Find the line with "西安市交警支隊公布了碑林區(qū)內首批" in the records below. Output exactly from there until after the line with "Teplovzdušné krbové kachle", without pictures.

Records for this task:
▽

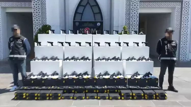 Durdurulan minibüste yapılan aramada; 60 adet 9×19 milimetre çapında tabanca, 60 silah kutusu, 120 şarjör, 120 harbi (fırça) ve 120 kabza aparatı ele geçirildi. Ayrıca suçtan elde edildiği değerlendirilen 2 bin dolar da bulundu.
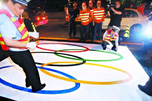 昨晚9點,記者在三元橋下出京方向看到,一塊約6米見方的白色色塊被粘在車道上,施工人員用卡尺畫出奧運五環標志的輪廓,然后再鋪上黑、綠、紅等彩條。
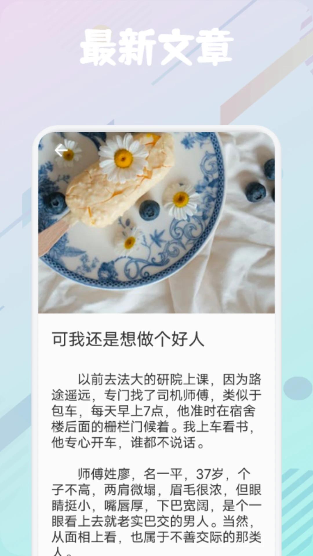 2、小说、散文、诗歌、科技等多种类别文章,满足用户多元化的阅读娱乐需求。
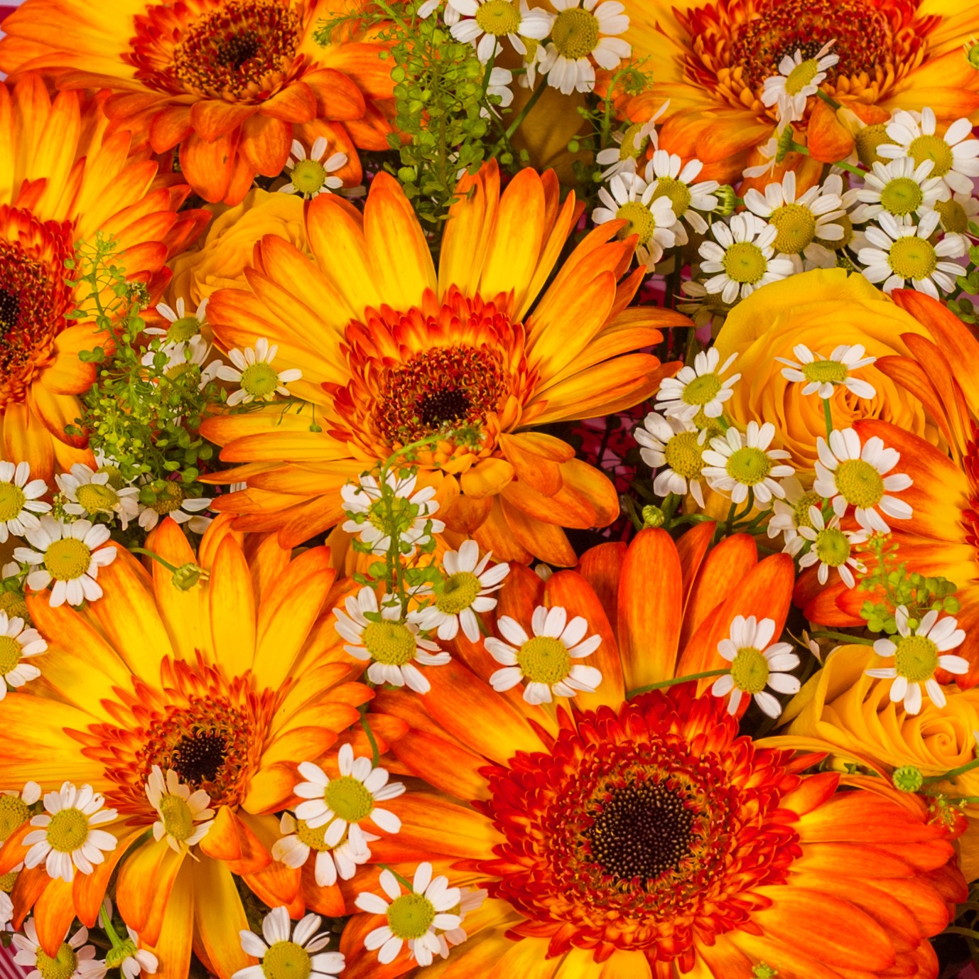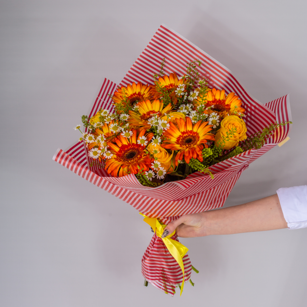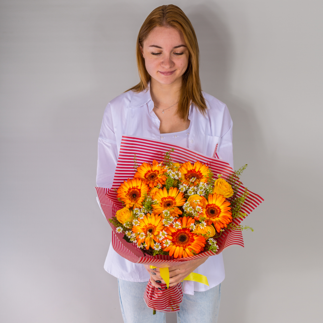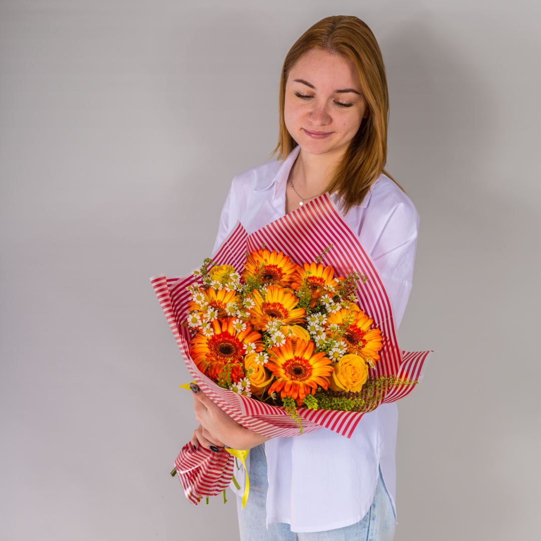 Букет из оранжевых гербер и желтых роз с ромашками арт. 52671
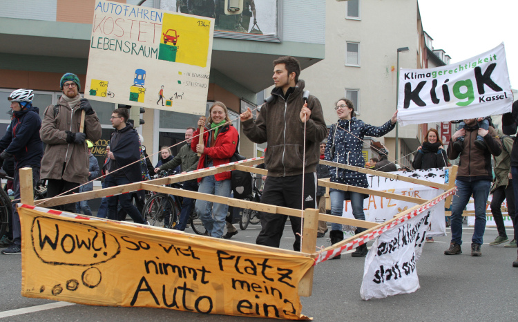 Für einige Zeit blockierten wir die Hauptverkehrsstraße Steinweg, um unserer Forderung nach einem klimagerechten statt autogerechten Kassel Nachdruck zu verleihen.
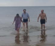 And then, on an otherwise grey rainy day in the Bay of Riga, where you have to walk out a very long way to get to any depth of water, we baptized VIKTOR, a carpenter specializing in restoration of wooden window frames, and his fair lady INA:
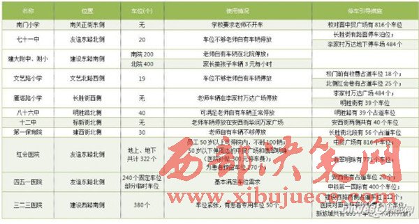 西安市交警支隊公布了碑林區(qū)內首批重點醫(yī)院、學校周邊的停車場的位置以及車位數(shù)字。
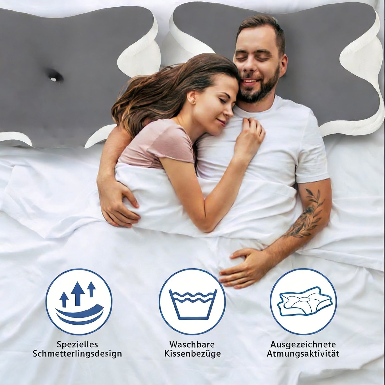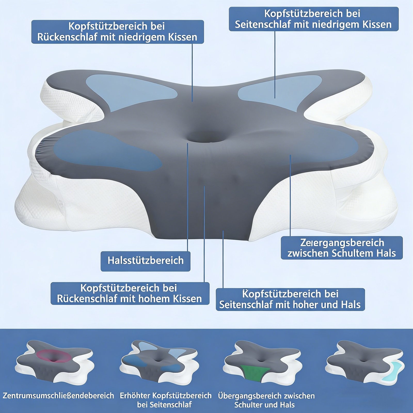 Doppelseitiges Nackenkissen Unscented Memory Foam Kissen mit Kühlabdeckung Zoniertes Design für Tiefschlafer Konturiertes Kissen mit extra großer Armlehne für Seitenschlaf Magen Schlafen und Rückenschlafer
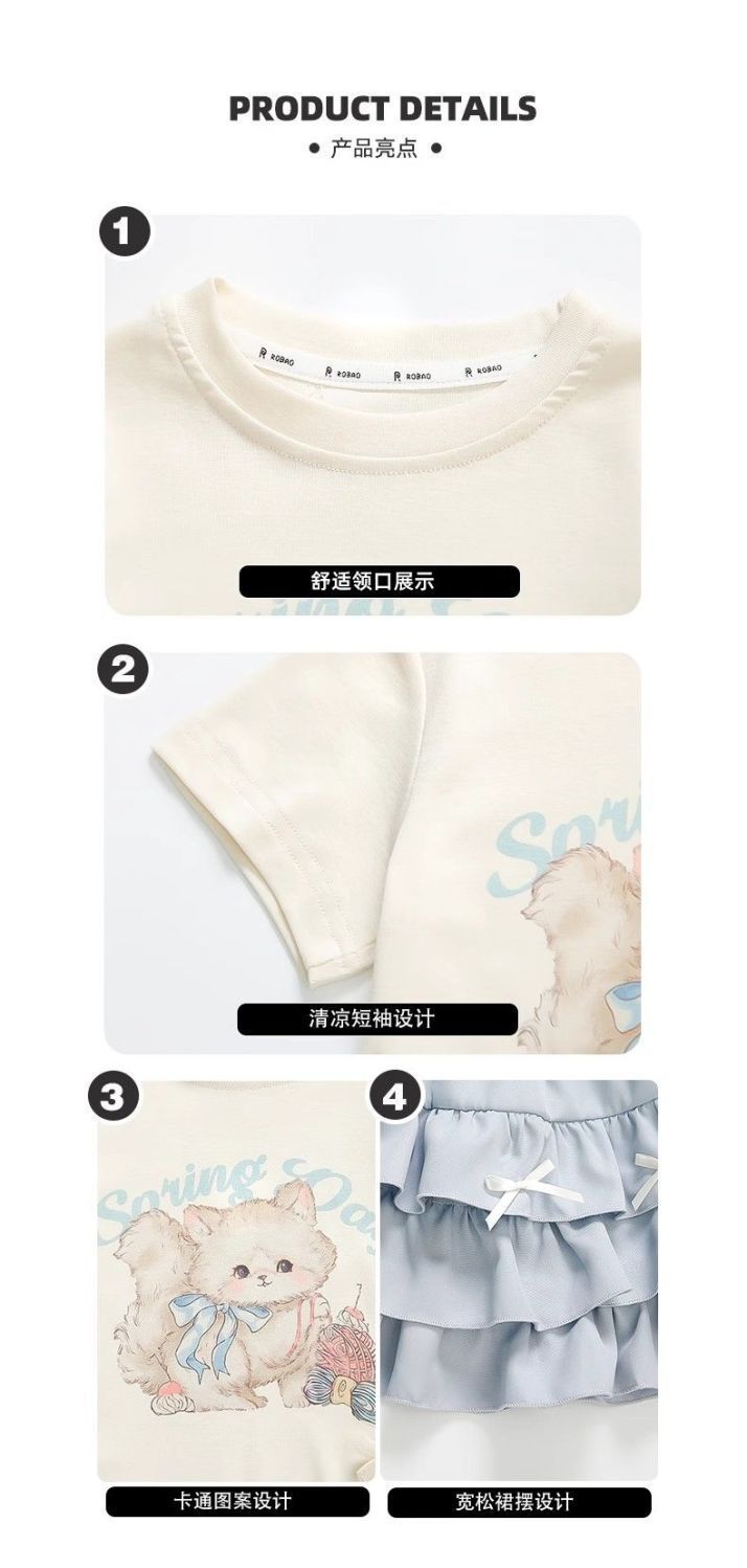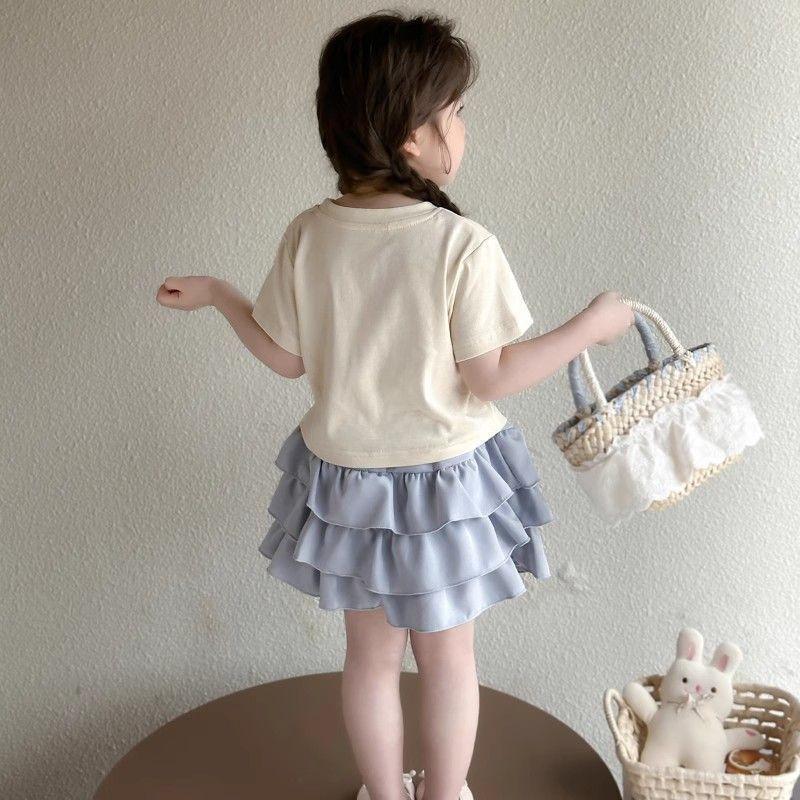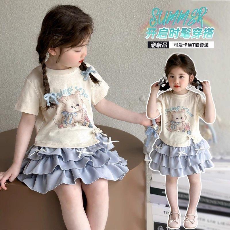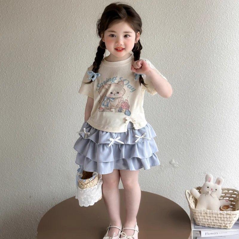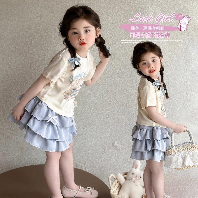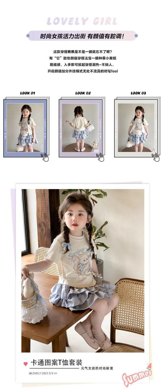 Conjunto de Verano para Niñas Único Dulce Bebé Camiseta de Dibujos Animados Falda Corta Conjunto de Dos Piezas 2025 Nueva Ropa de Verano para Niños
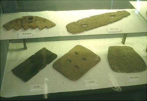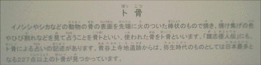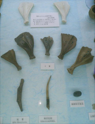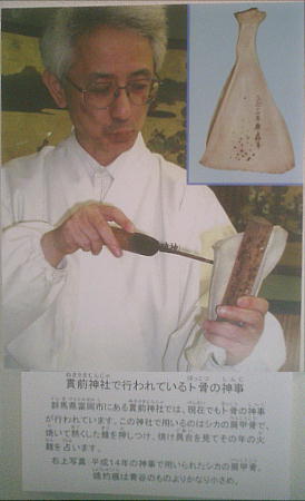 卜骨。シカやイノシシの肩甲骨を点状に焼いて、ヒビの入り具合などで占ったと考えられている。魏志倭人伝に
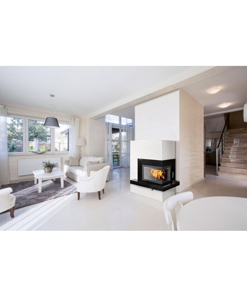 Teplovzdušné krbové kachle s obstavbou od firmy ABX, model PATEO - Moderné krbové kachle s obstavbou a rohovým presklením sú vyrobené najmodernejšou technológiou, ktorá dáva kachliam jedinečný vzhľad a pevnosť. Kachle sú určené aj pre nízkoenergetické domy s možnosťou dopravenie spalovacieho vzduchu z exteriéru.Možnosť využitia horného a zadného vývodu pre dymovod. Kachle sa vyrábajú v ľavom alebo pravom prevedení, vo farbách žula alebo pieskovec.
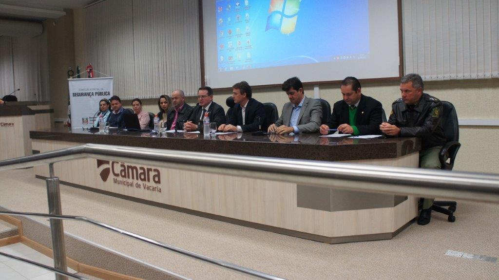 A audiência contou com a presença do Presidente em Exercício da Câmara Municipal de Vacaria Ver. Aldo da Silva(PT), do Secretário Municipal de Desenvolvimento, Trabalho e Turismo Mário Lourencetti Almeida que representou o Prefeito de Vacaria, Amadeu de Almeida Boeira, o Comandante do 10º BPM, Major Fabiano Domênico Paim, o Delegado Regional de Polícia, Carlos Alberto Defaveri, a representante do Ministério Público Bianca Acyoli Araújo, a Defensora Pública, Débora Azambuja Santos, o Diretor da Guarda Municipal de Vacaria Tobias Preto, o Diretor de Assuntos de Segurança Pública de Vacaria Júlio Zingali, a delegada Penitenciária Marta Bitencourt da 7ª Delegacia Penitenciária Regional (7ª DPR), o Diretor do Presidio Estadual de Vacaria Jorge Rodrigues, o representante do Corpo de Bombeiros, Sargento Mayer, o prefeito de André da Rocha, Sérgio Moretti, a representante da Amucser, Adriana Tieppo, os representantes da OAB, Subsecção Vacaria, Rodrigo Toledo da Silva Rodrigues e Matheus Cunha, o Presidente do Conselho Municipal Sobre Drogas Comissário João Carlos Pinto de Abreu, a representante do Instituto Geral de Perícias (IGP) Suelen Oliveira Abreu, o Presidente do Sindilojas Antonio Dutra, a representante da Câmara de Dirigentes Lojistas(CDL) Pauliane Biazus Soranso, o Presidente da Câmara da Indústria Comércio, Agricultura e Serviços, Paulo Vasques, o representante da Associação dos Policiais Rodoviários Federais do RS, Rodrigo Pizzolatto, o representante da Associação Gaúcha dos Produtores de Maçã, José Sozo, o Vice-Presidente da Câmara de Vereadores de Lagoa Vermelha Bráulio Guedes, os vereadores de Vacaria Marcos Lima(PTB), André Luis Rokoski(PMDB), Marcelo Dondé(PP) e Moacir Bossardi (PSDB).

△

Response:
 西安市交警支隊公布了碑林區(qū)內首批重點醫(yī)院、學校周邊的停車場的位置以及車位數(shù)字。
 Doppelseitiges Nackenkissen Unscented Memory Foam Kissen mit Kühlabdeckung Zoniertes Design für Tiefschlafer Konturiertes Kissen mit extra großer Armlehne für Seitenschlaf Magen Schlafen und Rückenschlafer
 Conjunto de Verano para Niñas Único Dulce Bebé Camiseta de Dibujos Animados Falda Corta Conjunto de Dos Piezas 2025 Nueva Ropa de Verano para Niños
 卜骨。シカやイノシシの肩甲骨を点状に焼いて、ヒビの入り具合などで占ったと考えられている。魏志倭人伝に
 Teplovzdušné krbové kachle s obstavbou od firmy ABX, model PATEO - Moderné krbové kachle s obstavbou a rohovým presklením sú vyrobené najmodernejšou technológiou, ktorá dáva kachliam jedinečný vzhľad a pevnosť. Kachle sú určené aj pre nízkoenergetické domy s možnosťou dopravenie spalovacieho vzduchu z exteriéru.Možnosť využitia horného a zadného vývodu pre dymovod. Kachle sa vyrábajú v ľavom alebo pravom prevedení, vo farbách žula alebo pieskovec.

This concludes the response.